The battles within anthropology between Chagnon and his detractors had finally exploded onto the world scene when, in 2000, following up on Chagnon’s disciplinary critics, the self-styled “journalist” Patrick Tierney started publicly alleging that, beginning in the 1960s, Chagnon had committed one atrocity after another against the Yanomamö. Tierney called his book on the subject
Darkness in El Dorado
: How Scientists and Journalists Devastated the Amazon.
The work focused chiefly on Chagnon and James V. Neel Sr., a famous physician-geneticist who had collaborated with Chagnon in South American fieldwork. Neel, who many people knew had been suffering from terminal cancer, died just before Tierney’s work came out, and people said the timing of Tierney’s publications wasn’t a coincidence; a dead man can’t sue for libel. But Chagnon was alive, and Tierney’s claims made his life a living hell, largely because of the decision by Chagnon’s colleagues in the leadership of the American Anthropological Association (AAA) to take Tierney’s book and run with it.
The whole thing really took off just before Tierney’s work was published. In September 2000, two anthropologists who had long been on Chagnon’s case—
Terence Turner and Leslie Sponsel
—wrote a letter to the heads of the AAA alerting them to Tierney’s soon-to-be-published work, summarizing the charges made against Chagnon and Neel, and sprinkling on lots of rhetorical pepper, including even an allusion to the Nazi scientist Josef Mengele. The Turner-Sponsel letter opened by announcing, “In its scale, ramifications, and sheer criminality and corruption, [the scandal] is unparalleled in the history of Anthropology.” Turner and Sponsel then recounted Tierney’s most sensational claims, including that Neel had, “in all probability deliberately caused” an outbreak of measles in 1968 by knowingly using a bad vaccine among the Yanomamö to test an “extreme” and “fascistic” eugenic theory. Turner and Sponsel accused Chagnon of supporting Neel’s efforts by carrying out research that “formed integral parts of this massive, and massively fatal, human experiment.” Additional charges included “cooking and re-cooking” data, intentionally starting wars, aiding “sinister politicians” and illegal gold miners, and—perhaps the most inflammatory claim—purposefully withholding medical care while experimental subjects died from the allegedly vaccine-induced measles. This stuff made the charges against Bailey look like a schoolyard brawl, especially because those against Chagnon were coming from scholars in his own field.
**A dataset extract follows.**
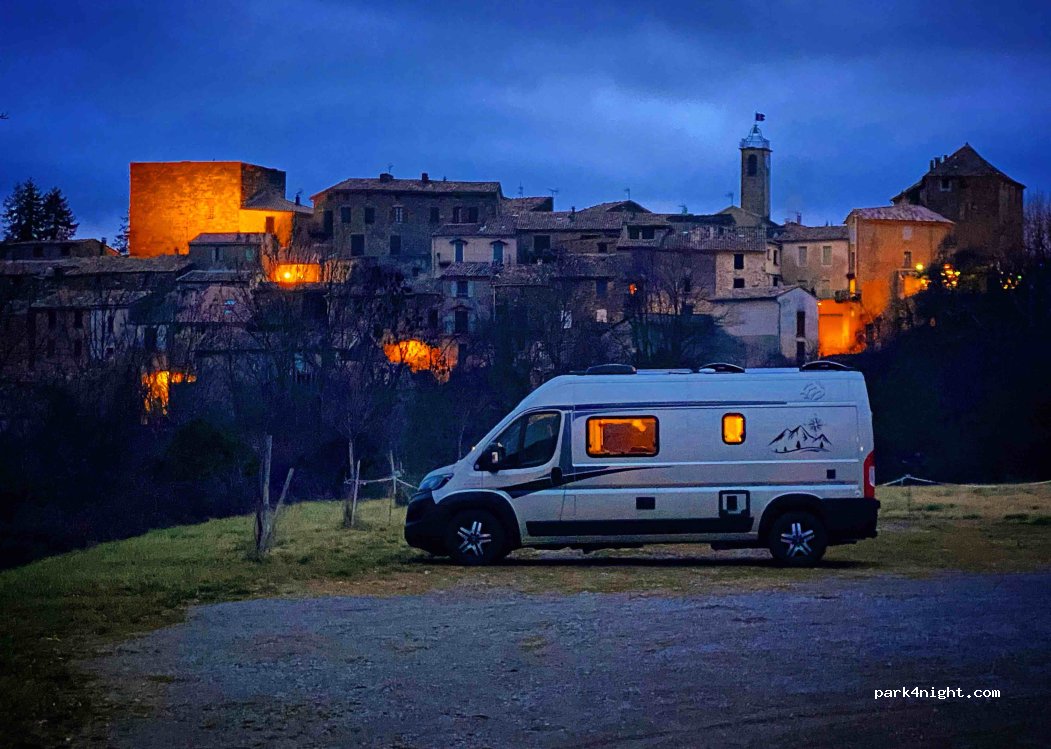 Très bien pour passer la journée et la nuit. Beau village médiéval avec des ruelles à découvrir, départ de randonnées. Seul bémol, pas mal de circulation sur cette petite route. Merci à la municipalité d'accepter les camping-cars sur ce parking.

Before the Internet, cooler heads might have prevailed. (Insiders knew this was
hardly Turner and Sponsel’s first attempt
to pick at the big dog Chagnon.) Instead Turner and Sponsel’s juicy “tell all” letter wound up circulated all over the world virtually overnight, and of course the press didn’t dare sit on such a hot story long enough to find out what was true, much less learn the backstory. Most reporters simply reiterated the charges. A headline in
The Guardian
screamed,
SCIENTIST “KILLED AMAZON INDIANS TO
TEST RACE THEORY
.
” The quotation marks likely would be lost on much of the public.